Prima che diventasse un santino

“Don A’, stavolta può anticipare l’invio di abat jour di qualche giorno?”: è la Segretaria di redazione che telefona. Anticipare… e come no? Sicuro, anticipo di qualche giorno. Bene. Benissimo. Basta che dia una sbirciatina ai miei impegni di vecchio bacucco, e prendo atto con gioia che questo mi obbliga a scrivere domenica 28 ottobre. Come dire: nell’anniversario dell’elezione di Angelo Giuseppe Roncalli a Papa, con il nome di Giovanni XXIII.

Noi che lo conoscemmo prima che diventasse un santino. Noi che lo conoscemmo quando ancora eravamo fortemente prevenuti, in negativo, nei suoi confronti. Ci conquistò. E per noi che lo conoscemmo prima che diventasse un santino, le sue battute furono e rimangono sempre cariche di saggezza e di fede.

La sua prima uscita dal Vaticano ebbe come meta S. Giovanni in Laterano, che è la cattedrale della diocesi di Roma. Ricordandosi di essere innanzitutto vescovo di Roma, ripristinò un rito che non si svolgeva da tempo: ne prese possesso il 23 novembre. Fu il primo incontro con la città. La voce si sparse in un baleno, le strade che da S. Pietro portano a S. Giovanni in un attimo furono piene di gente che gridava, agitava le mani, si inginocchiava ai lati della sua automobile che per forza di cose doveva andare piano. Arrivò in ritardo. Arriverà spesso in ritardo. Con Pio XII non capitava mai: se la funzione papale era fissata per le 11, sull’undicesimo tocco dell’orologio di S. Pietro si apriva la porta e appariva il Papa. Per Papa Giovani le 11 erano “verso le 11”.

Non ci fu tempo, quel giorno, per venire al Romano maggiore, ma qualche giorno dopo lui tornò, venne da noi, ci parlò senza faccia a faccia. “Santità, c’è differenza fra Roma e Venezia?”. Si strinse nella spalle: “Bah! Canali qui e canali lì, dell’acqua lì e Dell’Acqua qui”: aveva sulla destra il card. Canali, sulla sinistra il sostituto alla Segreteria di Stato mons. Dell’Acqua.

Era una battuta. Anche, ma prima ancora era la proiezione di una fede profondissima e semplice. Quando gli baciai la mano: “Ah! Lei è di Gubbio” (glielo aveva detto il rettore Pascoli, che ci presentava uno a uno)… “Gubbio, il lupo”: ovviamente la cosa più ovvia, a Roma come a Quito (El Lobo) o a Washington (The Wolf), ma a me, mentre gli baciavo l’anello, tremavano e gambe.

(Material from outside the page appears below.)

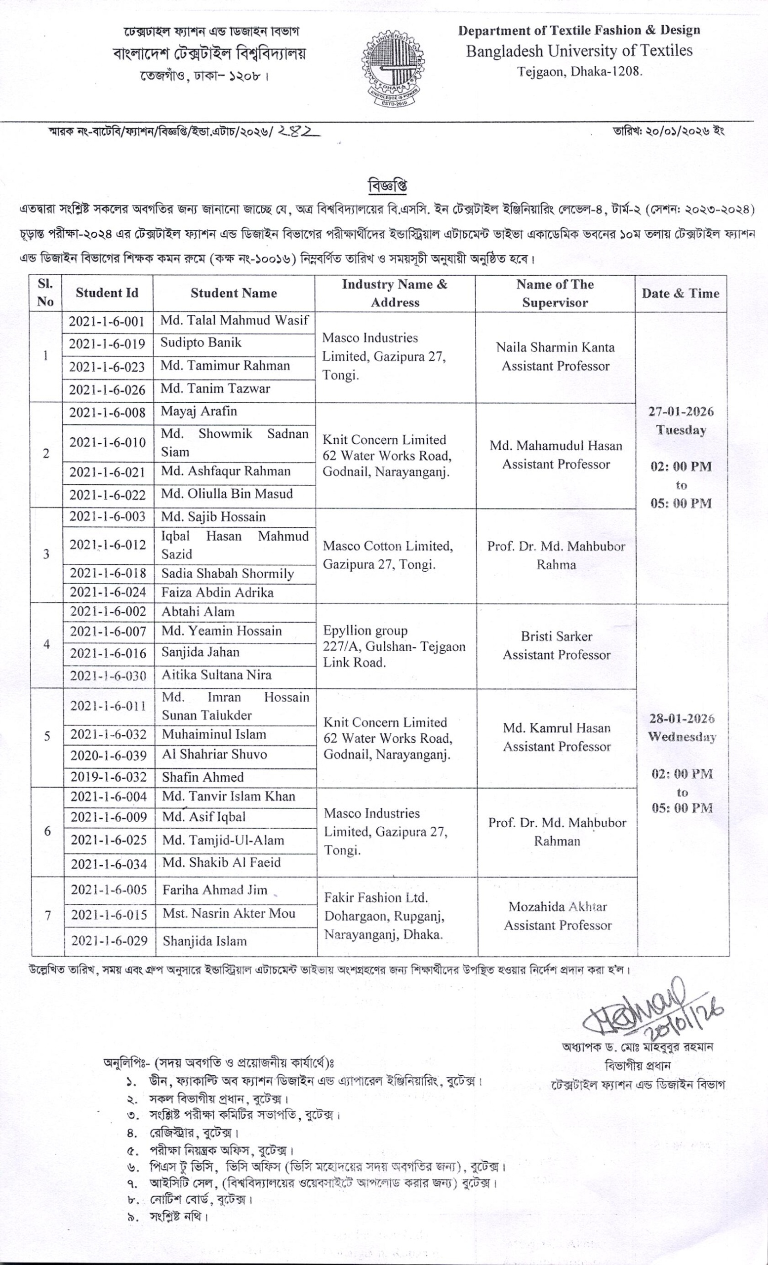 Fashion & Design Dept. Project Work, Industrial Attachment & Comprehensive Viva of BSc in Textile Engineering L-4 T-2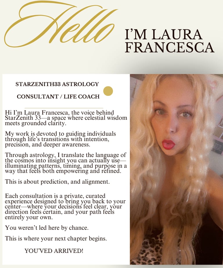 Hello! Welcome to my about me section At StarZenith33 Astrology, where every consultation is an elevated passage —where refined astrological insight meets grounded clarity.

“Cari figlioli, sapete che vi dico? Vi dico che le prime notti dopo la mia elezione a Papa non riuscivo a dormire. Adesso ci riesco, perché mi sono detto: ma chi sono io, in fondo? Sono il Vicario di Cristo! Allora facciamo così: il Vicario alla Chiesa ci pensa di giorno, di notte ci pensa il Titolare e il Vicario dorme! È così che ho ripreso sonno”.

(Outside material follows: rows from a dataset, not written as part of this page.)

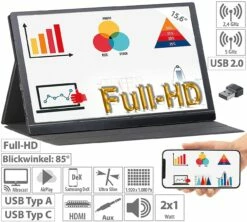 Auvisio EZM-210 (ZX-5067-675) : Ultradünner, Mobiler Full-HD-IPS-Monitor, (15.6″), 39,6 cm mit USB-C- und HDMI-Anschluss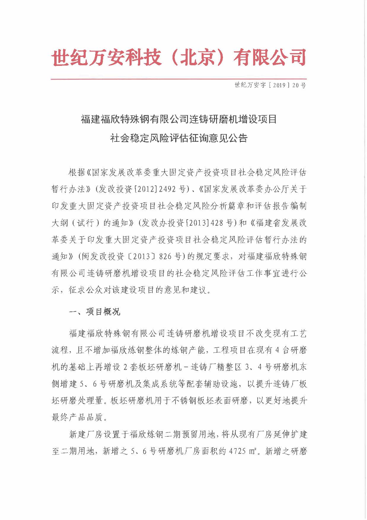 福建福欣特殊鋼有限公司連鑄研磨機增設項目 社會穩(wěn)定風險評估征詢意見公告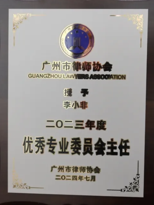 李小非律师在第十届广州市律师协会中担任广州市律师协会婚姻家事法律专业委员会主任职务,任职期间带领婚姻家事法律专业委员会三次荣获“优秀专业委员会”的荣誉、李小非律师本人三次荣获“优秀专业委员会主任”的荣誉。

Era una battuta. Anche, ma prima ancora era la proiezione di una fede profondissima e semplice.

AUTORE: Angelo M. Fanucci

1 COMMENT

  1. Un grazie sentito all’autore di abatjour per la sua preziosa presenza alla ” La Voce “da parte nostra e penso da parte di tutti coloro che lo ascoltano per l’aiuto concreto che forse inconsapevolmente ci dona.